Now what Naess has tried to do is to shift the whole ground away from ethics, as we normally understand it in the Western ethical tradition, or Western philosophical tradition, and move more over to what's called "ontology", or the nature of reality, so that that becomes the ground. Now, through spiritual development, or psychological development, as we move away from the ego, and then we start to identify with other humans, and then we identify with animals and plants and the ecosystems; when we actually identify with them, this becomes part of our being: we see ourselves in these other creatures, in humans and so on. Then he shifts it over to ontology. Now a beautiful act, for Kant, is an act where we act with our inclinations, so that it's what we want to do, so we want to protect the animals, we're not acting against our inclinations. And Naess then says, OK, what we want, what we want to promote, are beautiful acts as opposed to moral acts. So if our personality, our psychology, is changed, then we'll want do these things. So they won't be a moral act, they will be a beautiful act. They will be coming out of our inclination, what it is that we want to do.

Helena Norberg-Hodge:
Well, to me, self-realization is realizing ourselves as a part of an intricate web of living relationships. And I believe that to be, as it were, our true selves. I believe that many ancient traditions have thought that truth. That is the essence at the heart of many spiritual traditions; that we are at one with the cosmos, with the living world. And... when we cut ourselves of from that reality, when we allow ourselves to think, to think of ourselves and live in a way where we feel separated from that, we become frightened little selves. We become very needy of power and control. We feel inadequate, we feel inferior, we feel unseen, unheard and... And in that process we become often hungry for power, hungry for control.
When, on the other hand, we allow ourselves - and I think this is, it's very important for children to grow up in this way - when we develop a sense of self in relationship to the living world; when we grow up in contact with animals, with the soil, with the water, with the trees and more relating to and experiencing that, particularly as part of everyday life, then we realize ourselves as part of something alive, as part of something much bigger than ourselves. And it is a very joyous experience, it's a very positive experience.

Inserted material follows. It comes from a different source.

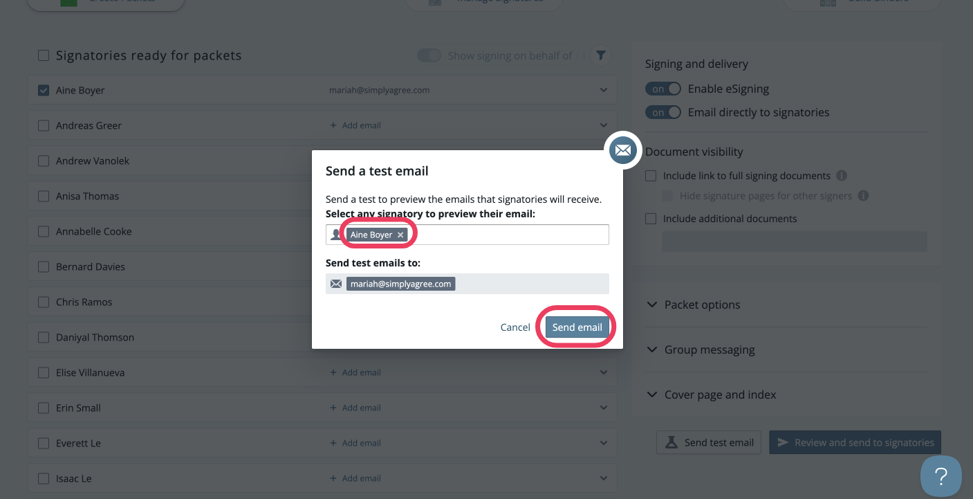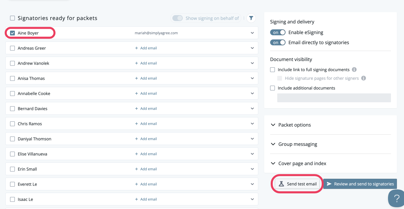 Once a packet is ready to be sent directly to the signer, you can send yourself a test email to preview the emails that signatories will receive.
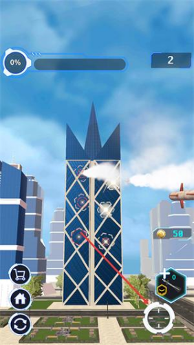 5、内置十二种建筑结构弱点识别机制,精准打击承重墙能引发多米诺式倒塌,配合慢镜头回放可细致观察碎片飞溅轨迹。

[Footage of Arne leaning against rock]


Arne Naess:
The Sami people, they astonished me; one young men there, a Sami young man, who was caught by the police, standing where they should make a road. It was part of a direct action in favour of the river that should not be used for hydro-electric dams. And the police: "Why do you stay here? You are not supposed to stay here. Why do you stay here?" "Well, this here, is part of myself." It was the area of the river where his reindeer were crossing and he had been since boyhood. And to stay there, and to be there, so close connection with his self, that he could say: "It is part of my self." And that is typical of deep ecology movement, that you feel yourself is hurt when they hurt the place with which you identify. You identify with a place in such a sense that cutting up and destroying, it's like cutting yourself. And it is cutting yourself. Because your self is much more than your ego. The self has to do with that with which you identify. 

Vandana Shiva:
The part of India that inspires me constantly for my ecological work, is an India where there is such a generosity of space. And that generosity shrinks with the eh, with the robbing of intrinsic value of other species. With defining other species as merely being of value according to how they can bring you better functions for meeting human needs, or profits, even more usually profits. Which puts only two options for our relationship with other species.
One is dispensability. If they are not useful, push them to extinction. And if you, in the short term in which "use" is being determined, don't understand that a whole ecological chain is maintained by this one species that you thought useless; that by declaring a death sentence for it, you have basically, in a way, declared a death sentence for your own conditions for life, because that is so crucial to maintaining life's balance.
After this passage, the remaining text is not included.